Revision history for this message
Eric Desrochers (slashd) wrote :

Note that the affected system has LRO turn on.

The system crashed on :

#7 [ffff88042d683d30] invalid_op at ffffffff817f900e
[exception RIP: vmxnet3_rq_rx_complete+3016]

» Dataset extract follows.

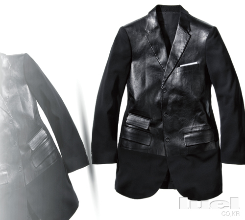 1 적절한 변화 웨어러블한 블랙 재킷은 몇 개 없다는 고정 관념을 멋지게 날려버린 닐 바렛의 아이디어. 모던하고 명확한 이미지의 블랙 재킷은 활용도는 높지만 미스터 루엘이 포용할 수 있는 디자인의 폭은 그리 넓지 않다. 라펠의 폭이나 소매 통을 너무 좁히면 모던한 느낌은 사라지고 지나치게 패셔너블해 보이고, 광택 소재를 사용하거나 포켓 디자인을 심하게 변형하면 명확한 느낌 보다는 조잡해 보이기 때문이다. 그런 이유로 모두들 ‘블랙 재킷은 평범한 디자인 하나면 충분하지 않나?’라고 생각한다. 하지만 이번 시즌 닐 바렛의 블랙 재킷은 그런 충분 조건을 무색하게 만든다. 디자인과 실루엣은 친숙하다. 하지만 라펠이나 단추를 만져보면 ‘어! 이게 뭐지?’하는 호기심이 발동한다. 날렵한 테일러링이 장기인 닐 바렛의 실력을 고스란히 담아 블랙 재킷을 만든 후, 블랙 레더 소재를 재킷 앞쪽에 코팅하듯 덧댄 것이 포인트다. 그 덕에 재킷 칼라의 앞쪽과 라펠 그리고 단추가 몸판에 붙어 떨어지지 않아 마치 가죽 재킷에 양각으로 새겨놓은 듯한 색다른 느낌을 주는 것이다. 레더 코팅 후에 행커 치프를 꽂을 수 있게 다듬고, 클래식한 포켓 디자인을 잘 살리는 등 변화의 적정선을 지킨 덕에 너무 과하다는 느낌은 들지 않는다. 충분히 입어볼 만 하겠다. 블랙 재킷 가격미정 닐 바렛 |

which is referring to line 1353 in "drivers/net/vmxnet3/vmxnet3_drv.c" :

0xffffffffc004e448 is in vmxnet3_rq_rx_complete (drivers/net/vmxnet3/vmxnet3_drv.c:1353).
1348 rcd->type == VMXNET3_CDTYPE_RXCOMP_LRO) {
1349 struct Vmxnet3_RxCompDescExt *rcdlro;
1350 rcdlro = (struct Vmxnet3_RxCompDescExt *)rcd;
1351
1352 segCnt = rcdlro->segCnt;
==> 1353 BUG_ON(segCnt <= 1);
1354 mss = rcdlro->mss;
1355 if (unlikely(segCnt <= 1))
1356 segCnt = 0;
1357 } else {

BUG_ON(condition) are used as a debugging help when something in the kernel goes wrong.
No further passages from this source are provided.